Exercise prompt
Could you print the listing again exactly, omitting the pictures?

Collected material
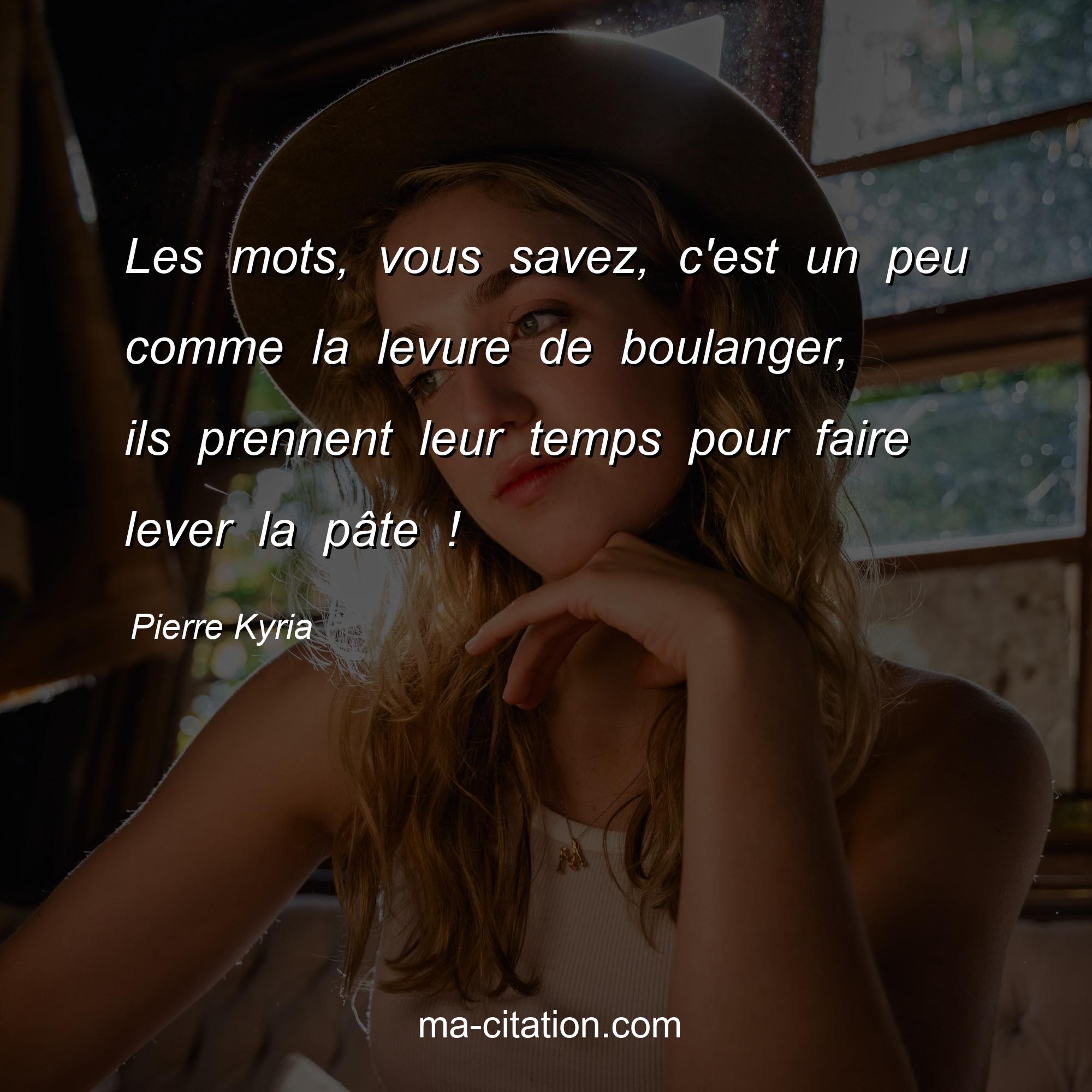 Citation sur la vie de Pierre Kyria :Les mots, vous savez, c'est un peu comme la levure de boulanger, ils prennent leur temps pour faire lever la pâte !
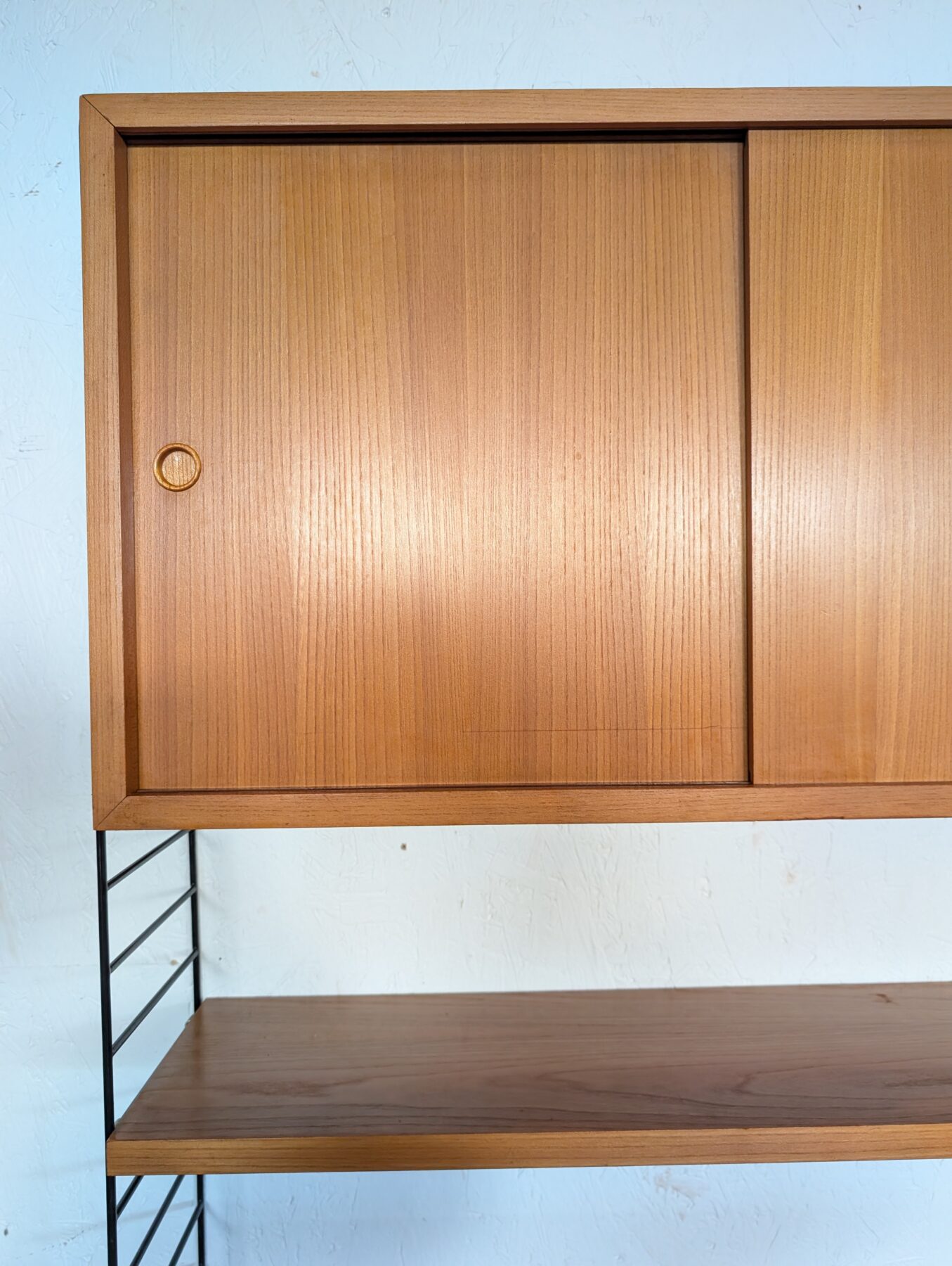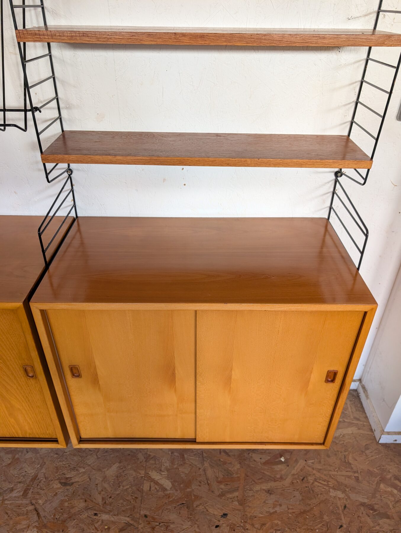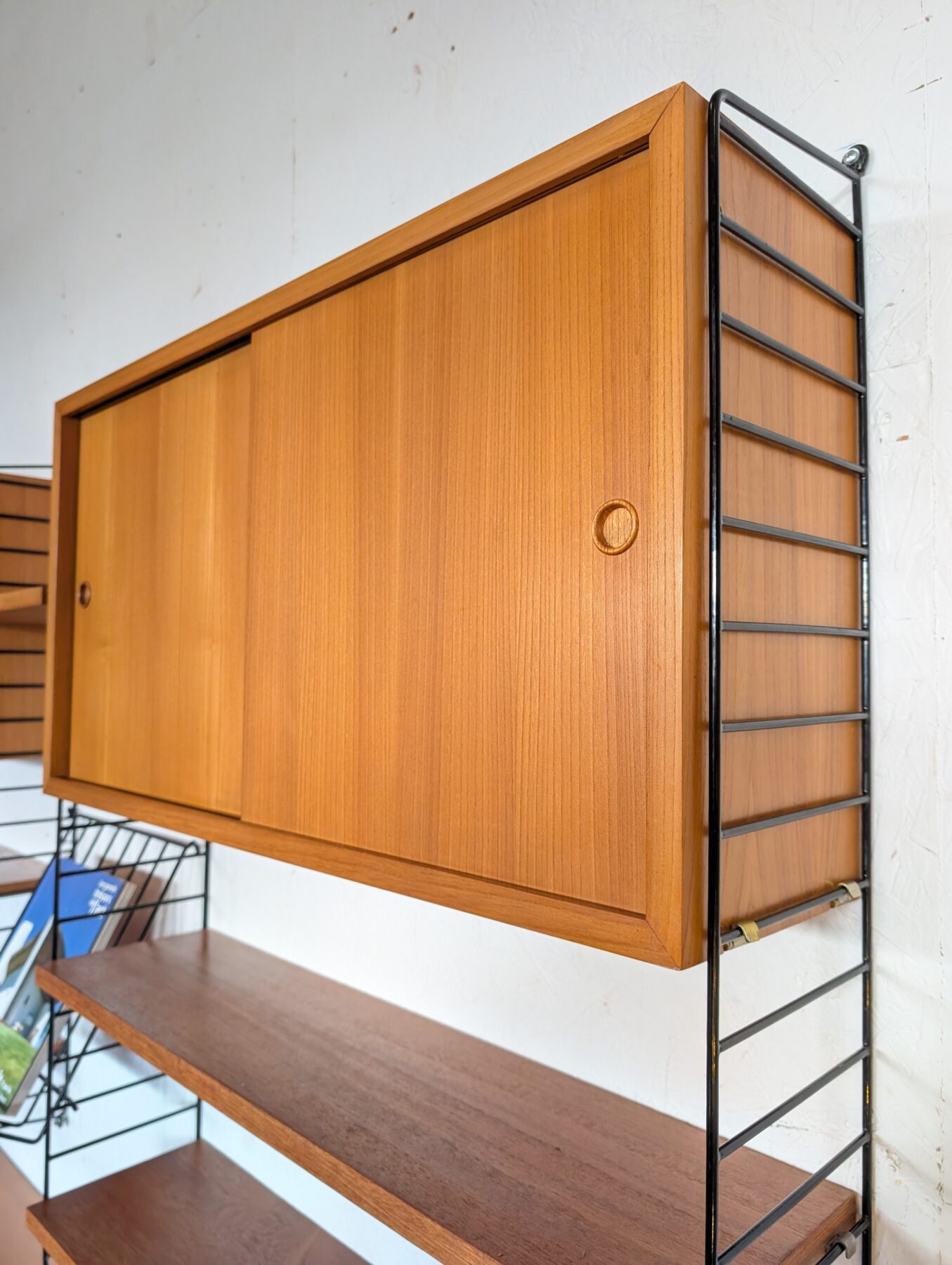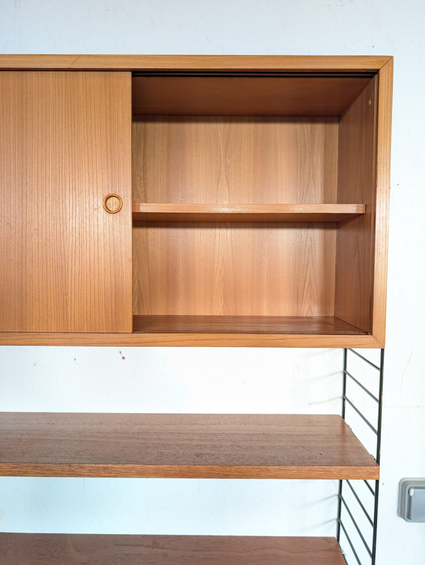 Ensemble mural modulable suédois en teck blond par Nisse Strinning pour String Design AB datant des années 60.
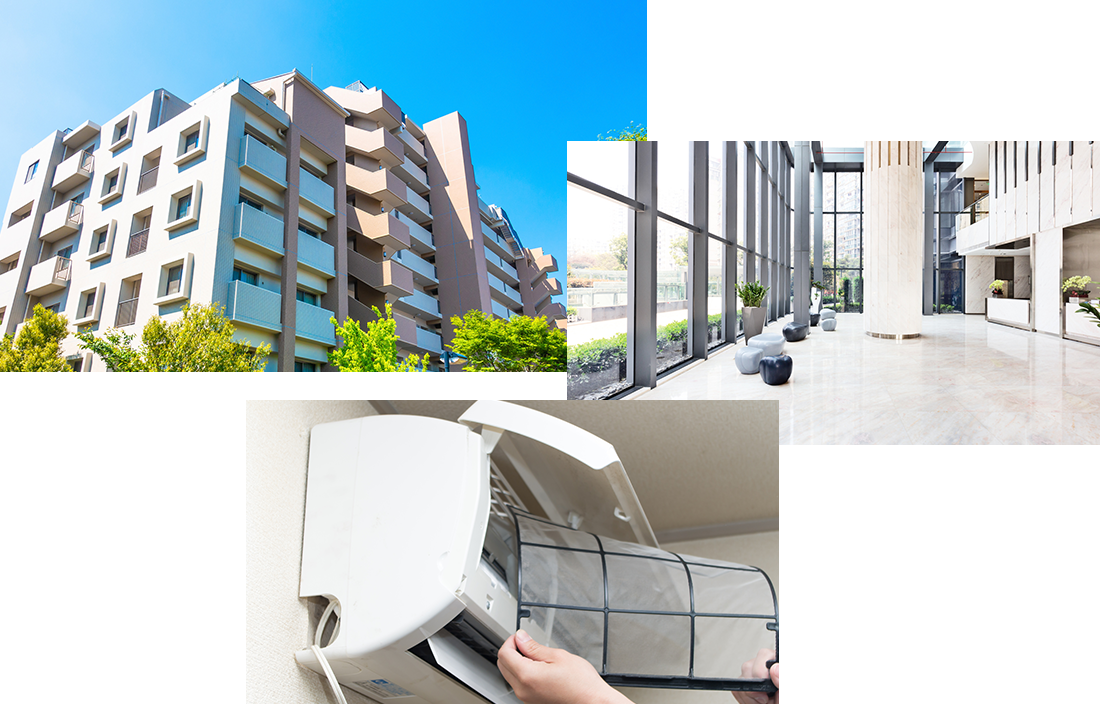 アパート・マンション・ビルなどの定期清掃やエアコンクリーニングも、行っています。

Written answer
 Citation sur la vie de Pierre Kyria :Les mots, vous savez, c'est un peu comme la levure de boulanger, ils prennent leur temps pour faire lever la pâte !
 Ensemble mural modulable suédois en teck blond par Nisse Strinning pour String Design AB datant des années 60.
 アパート・マンション・ビルなどの定期清掃やエアコンクリーニングも、行っています。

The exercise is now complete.